В моменты просветления Иден осознавала, что папа каким-то ужасным образом предал их всех. Но виноватой в этом была она. Она должна была умереть, потому что она видела.
Болезнь прогрессировала день ото дня. Иден впала в подобие мучительного забытья, в котором стерлись грани между реальностью и фантазией. В ее воображении мелькали образы знакомых людей. Слышались чьи-то голоса, доносящаяся издалека музыка. Мерещились непонятные видения. Нередко в голове раздавался топот кавалерии, и перед глазами, словно в полумраке, проплывала лавина конной армии на марше. Что бы она ни ела, ее тут же рвало. Ломило суставы, кожа горела, в голове стоял звон.
Иден слышала, как плачет мама, сидя на краешке кровати.

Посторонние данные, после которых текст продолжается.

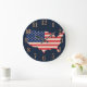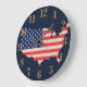 Horloge du drapeau des États-Unis appuyée en bleu profond.
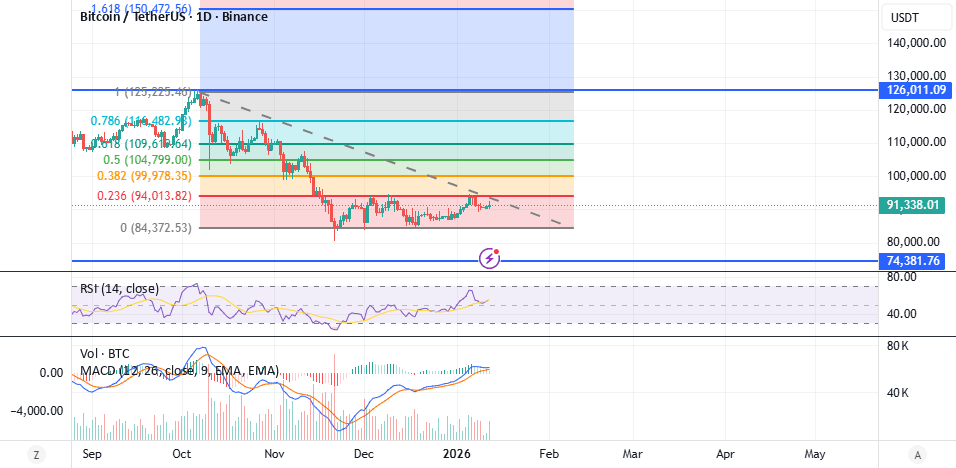 Desde que o preço permaneça abaixo da resistência e da zona de Fibonacci mencionada, a tendência bearish continua, com atenção especial ao comportamento do preço próximo a 74.000 dólares, que pode determinar se este movimento é apenas uma correção mais aprofundada ou o início de uma reversão de longo prazo.
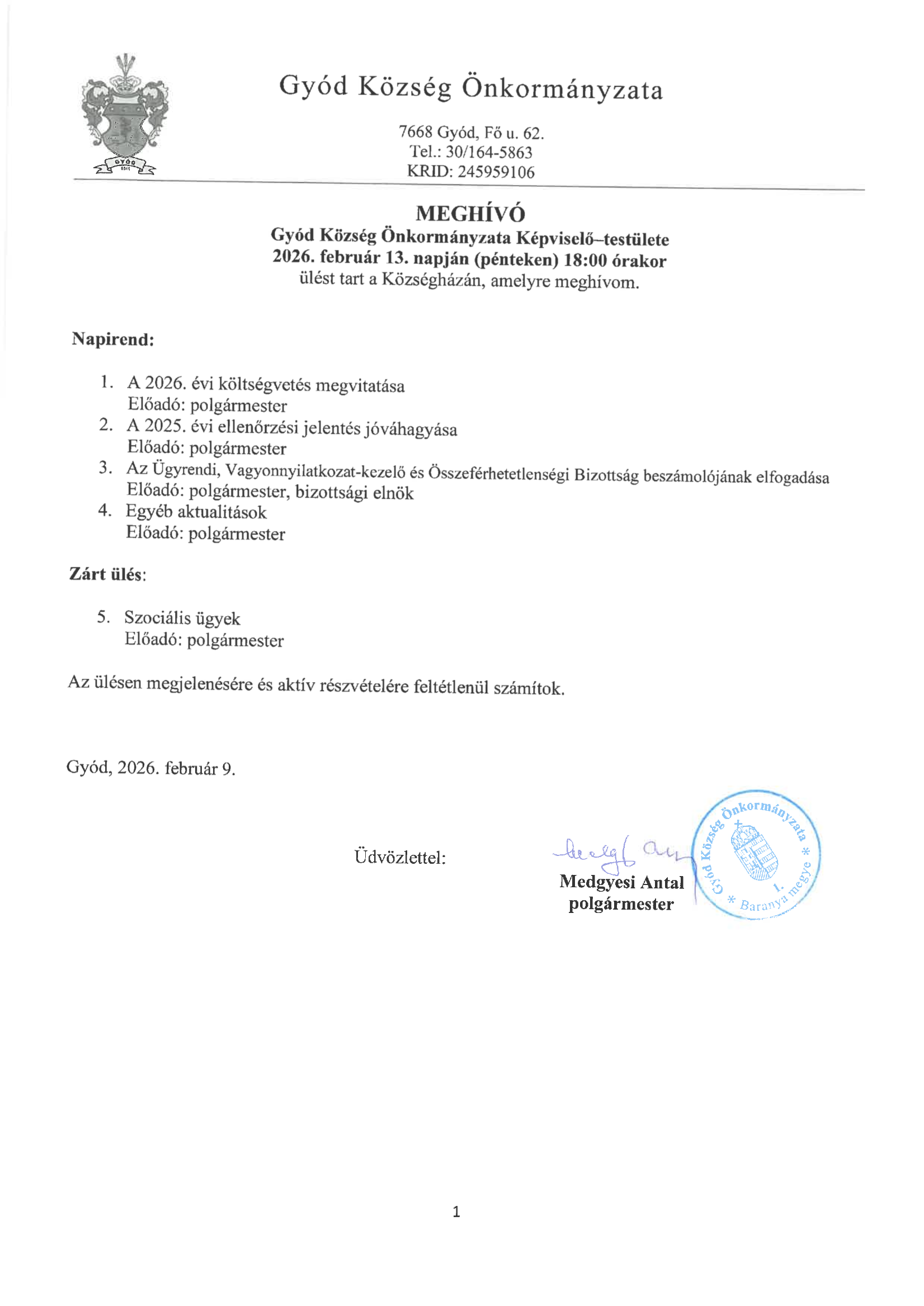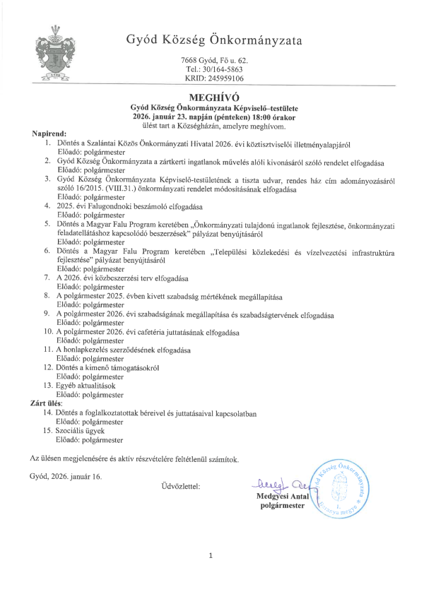 Meghívók a 2026-ban megtartott nyilvános testületi ülésekre

И вдруг, так же внезапно, как и началась, болезнь прошла. Девочка лежала на влажных от пота простынях, изможденная, но температура уже спала. Она поела, а потом заснула и проспала двадцать четыре часа крепким, глубоким, здоровым сном. Через пару дней Иден уже окрепла настолько, что смогла с Франсуаз отправиться на прогулку к морю.

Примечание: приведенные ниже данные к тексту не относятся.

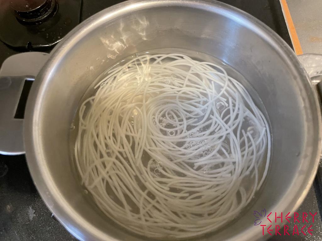 ① クリステル深鍋で表示時間よりプラス5分ほど柔らかくなるまで茹でる(麺は折っても良いです)。
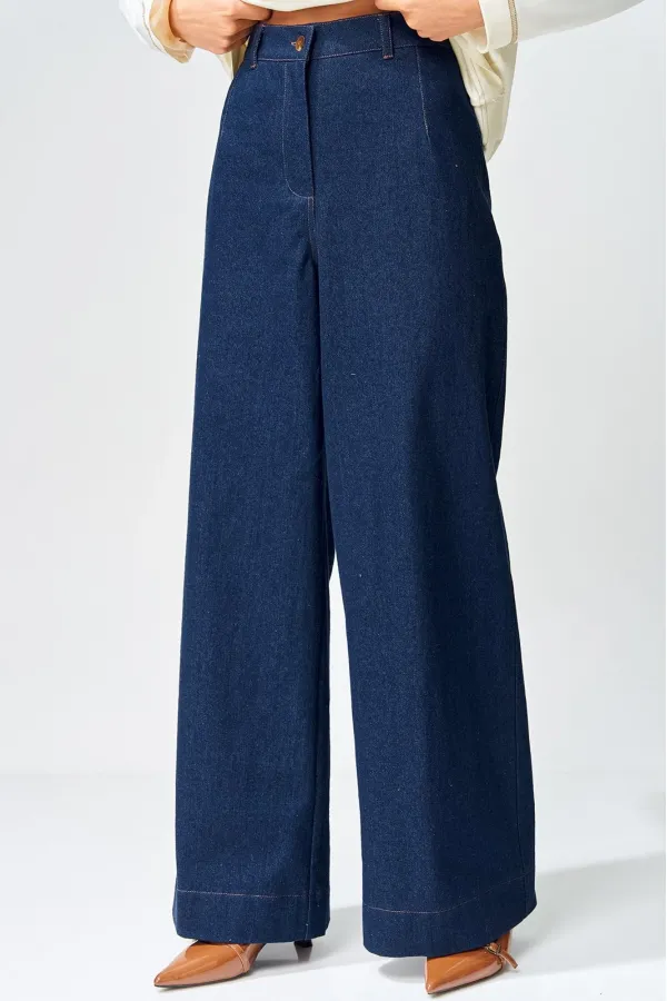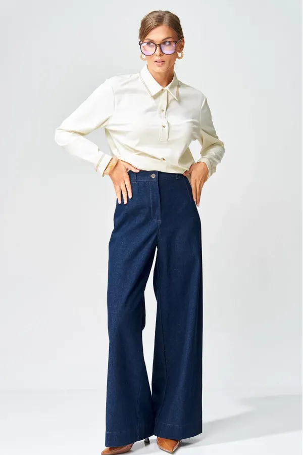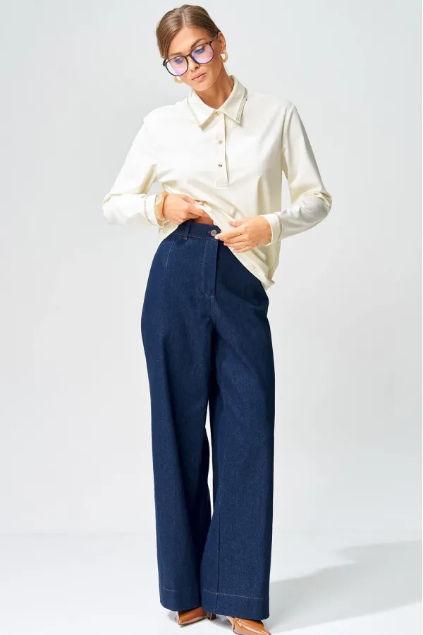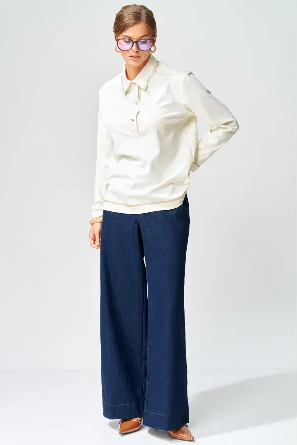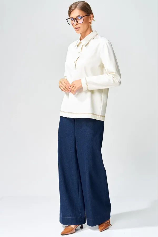 Джемпер прямого силуэта с воротником поло из плотной хлопковой ткани двухнитка. Рукав втачной одношовный. По низу изделия, по низу рукава и по воротнику проложена отделочная строчка. Брюки расширеные книзу на притачном п... Читать далее...
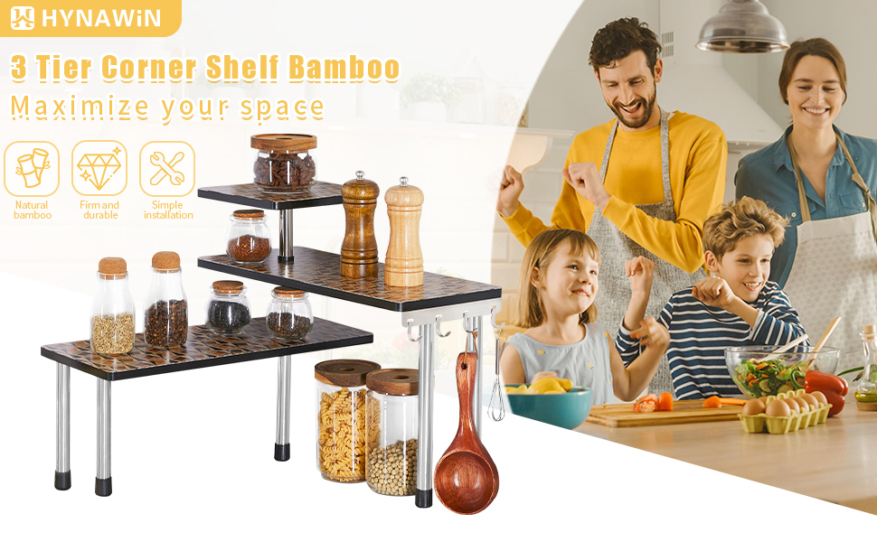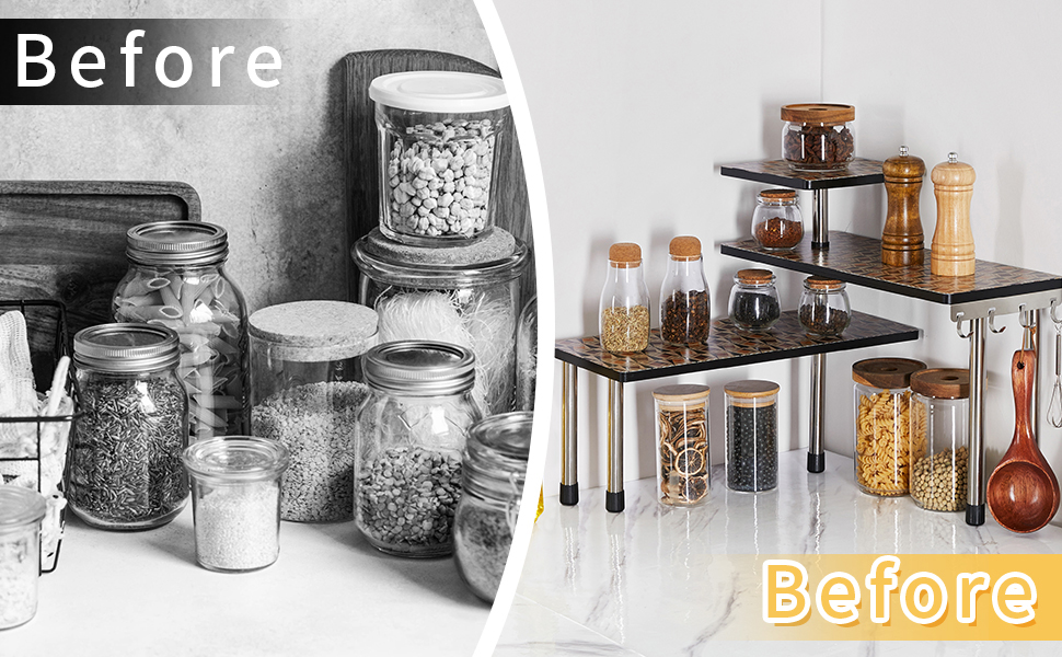 {SUITABLE FOR ALL KINDS OF DECORATION}:Free-standing shelves can be moved and placed in almost any location, including kitchen countertops, cabinets, pantry, and even other rooms in the house. It can be easily used for bathroom, cosmetics and seasoning tank storage, or for storing crafts and decorations.The versatile bamboo rack is an excellent solution for kitchen or home storage and organization.
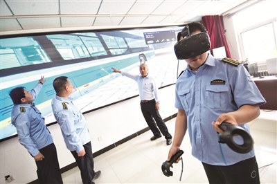 昨天,公交470车队的职工开始参加暑运VR训练。参训职工手持VR手柄,通过VR眼镜进行车辆检修作业。据车队工会相关负责人介绍,车队计划根据不同工作岗位,分批次对全体职工进行轮训。
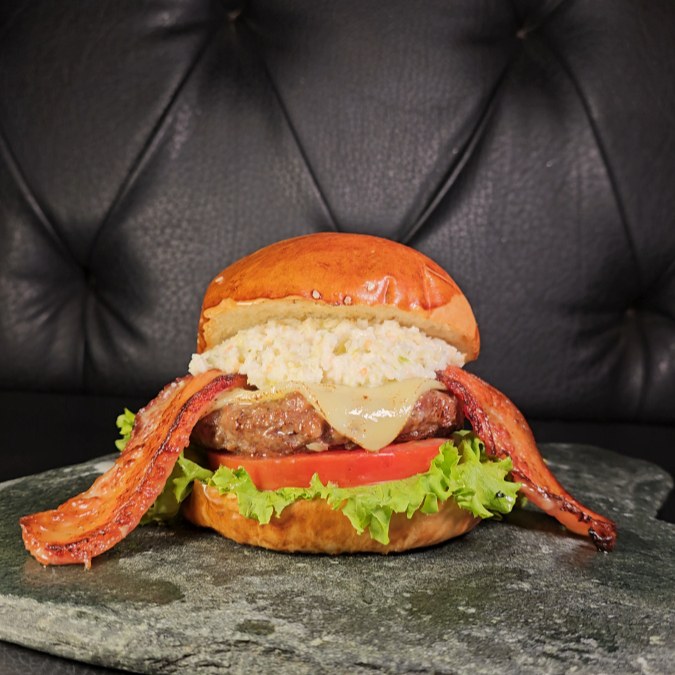 pan artesanal + carne de la casa en salsa Jack Daniel’s (con gotas de whisky) + queso Philadelphia + tocineta glaseada en vino tinto + vegetales frescos 🥃🧀

Сидя рядом с ней на камне, Франсуаз плакала и умоляла ее никому ничего не рассказывать.
Но это было совершенно лишним. Что бы там папа ни делал с Франсуаз – а Иден чувствовала, что лучше не пытаться выяснить, что же он с ней делал, – это было нечто такое, о чем мама никогда не должна была узнать. Как если бы Франсуаз потихоньку примеряла мамино белье, только гораздо более стыдное и отвратительное.